For the sake of completeness, here’s the final shader layout:
Shader | |||||
---|---|---|---|---|---|
Descriptor set 0 | Descriptor set 1 | Descriptor set 2 | Descriptor set 3 | ||
Texture array | Sampler state | Uniform buffer | Image | Image | Uniform buffer |
So this proves we can utilize uniform buffers to select textures too, covering all our grounds in one tied up bow. Neat. Except for images, and here’s why.
Images are not switched around and messed around with like textures are, and for good reason. An image is used when a shader needs to perform a read-write to texels in the same resource, meaning that images are mostly used for random access and random writes, for post effects and the like, and are thus not as prone to changes as for example individual objects. Instead, images are mostly consistent, and can be bound during rendering engine setup. We could implement image arrays like we do texture arrays, however we must consider the HUGE amount of format combinations required to fit all cases.

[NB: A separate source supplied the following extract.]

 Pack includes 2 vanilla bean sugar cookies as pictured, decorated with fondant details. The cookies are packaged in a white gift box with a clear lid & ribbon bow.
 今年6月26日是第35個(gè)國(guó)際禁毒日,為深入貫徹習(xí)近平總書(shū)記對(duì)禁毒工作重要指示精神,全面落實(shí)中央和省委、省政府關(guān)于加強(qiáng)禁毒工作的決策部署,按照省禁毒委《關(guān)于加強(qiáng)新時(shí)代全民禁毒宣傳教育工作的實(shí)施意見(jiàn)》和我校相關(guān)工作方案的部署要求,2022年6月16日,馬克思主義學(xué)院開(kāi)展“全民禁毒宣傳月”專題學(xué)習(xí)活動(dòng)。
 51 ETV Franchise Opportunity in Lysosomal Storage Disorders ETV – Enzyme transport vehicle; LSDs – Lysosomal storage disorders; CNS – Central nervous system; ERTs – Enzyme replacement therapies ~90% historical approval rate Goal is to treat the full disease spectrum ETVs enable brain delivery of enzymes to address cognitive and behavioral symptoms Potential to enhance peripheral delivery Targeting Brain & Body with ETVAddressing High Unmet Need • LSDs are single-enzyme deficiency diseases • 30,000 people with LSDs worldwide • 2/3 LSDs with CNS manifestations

Images can, like textures, be 2D, 2D multisample, 3D, Cube, just to mention the common types. We obviously have special cases like 2DArray, CubeArray and so forth, but array textures are not even used or supported in Nebula; never saw the need for them. However, images also needs a format qualifier if the image is to be supported with imageLoad, meaning we basically need a uniform array of all 4 ordinary types, with all permutations of formats. While possible, I deemed it a big no-no, and instead determined that since images are special use resources for single-fire read-writes, then a shader has to update the descriptor set each time it wants to change it, meaning it’s more efficient to, in the same shader, reuse the same variable and just not perform a new binding. All in all, this shouldn’t become a problem.

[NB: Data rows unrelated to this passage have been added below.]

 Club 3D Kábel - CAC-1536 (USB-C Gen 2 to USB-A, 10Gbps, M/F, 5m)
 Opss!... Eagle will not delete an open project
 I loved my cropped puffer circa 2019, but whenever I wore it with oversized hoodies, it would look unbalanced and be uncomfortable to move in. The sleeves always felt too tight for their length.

What’s left to do is to enforce certain descriptor set layouts by the shader loader, so that no shader creator accidentally use a reserved descriptor set (like 0 for textures, 1 for camera, 2 for lighting, 3 for instancing). If the shader does, it will manipulate a reserved descriptor set which will cause it to become incompatible, and we can’t have that since it will simply cause manually applied descriptors to stop being bound, resulting in unpredictable behavior. Another way of solving this issue is by changing the group-syntax in AnyFX to something more stable and easier to validate, like making it into a structure like syntax, for example:
group 0 { sampler2D Texture; varblock Block { vec4 Vector; uint Index; } }
And then assert that no group is later declared with the same index. To handle stray variables declared outside of a group, the compiler simply generates the default group, and puts all strays in there.

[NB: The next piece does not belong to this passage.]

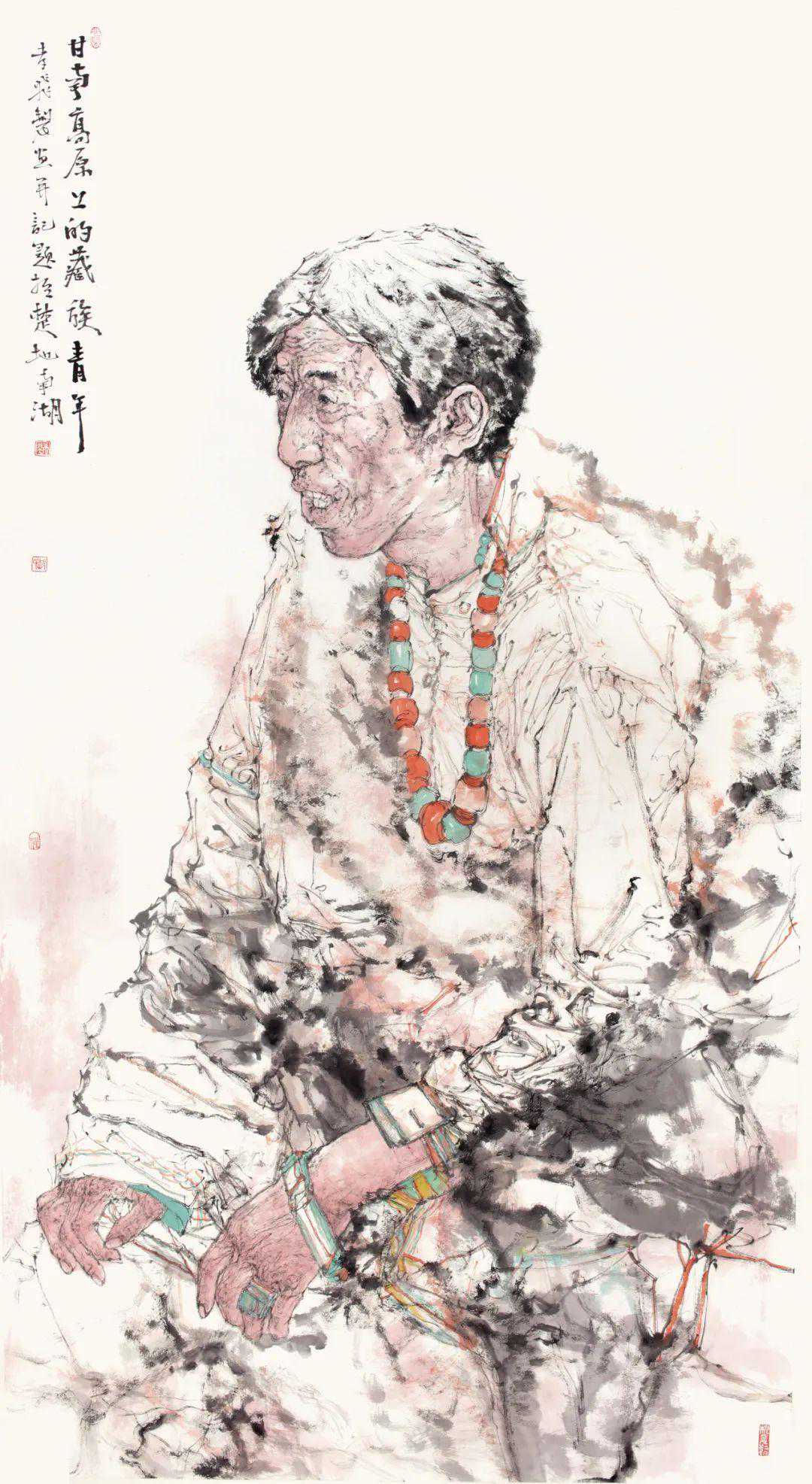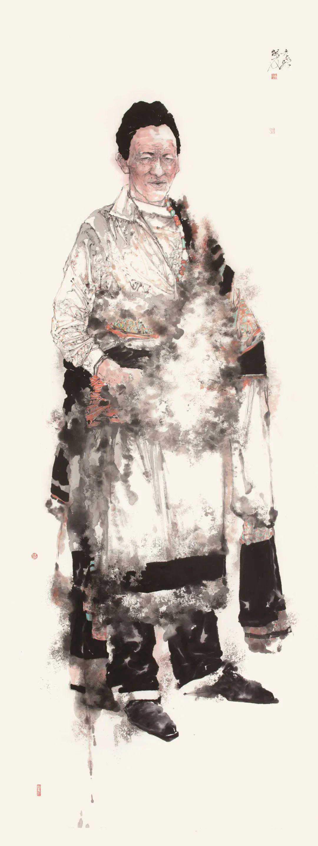 藏族男子同样的尝试在藏族题材的人物画处理中,藏族题材是水墨人物画中最常表现的题材之一。此类题材的大量作品主要是因为民族服饰的装扮及形式适合绘制感受,画面当中也是如此。因此大量的民族题材不断地被艺术家们用来创作,相对容易出“效果”,画面较丰富。这幅作品较之前的民族题材创作有一些改变,同样地加强了“黑色”墨块在画面中的分布,保留下来的线性笔墨尽量保持“书写性”及“绘画感”,主客观交错运用,突出“个人特色”。

The only issue I have with the above syntax is the annoying level of indirection before you actually get to the meat of the shader code. I think implementing an engine side check is the way to go now, but implementing groups as a structure like above could be a valid idea, since we might want to have the same behavior in all rendering APIs. Consider this for OpenGL too, in which we can guarantee that applying a group of uniforms and textures will remain persistent if all shaders share the same declaration. Although, in OpenGL, since we don’t have descriptor sets, we must simply ensure that the location values for individual groups remain consistent.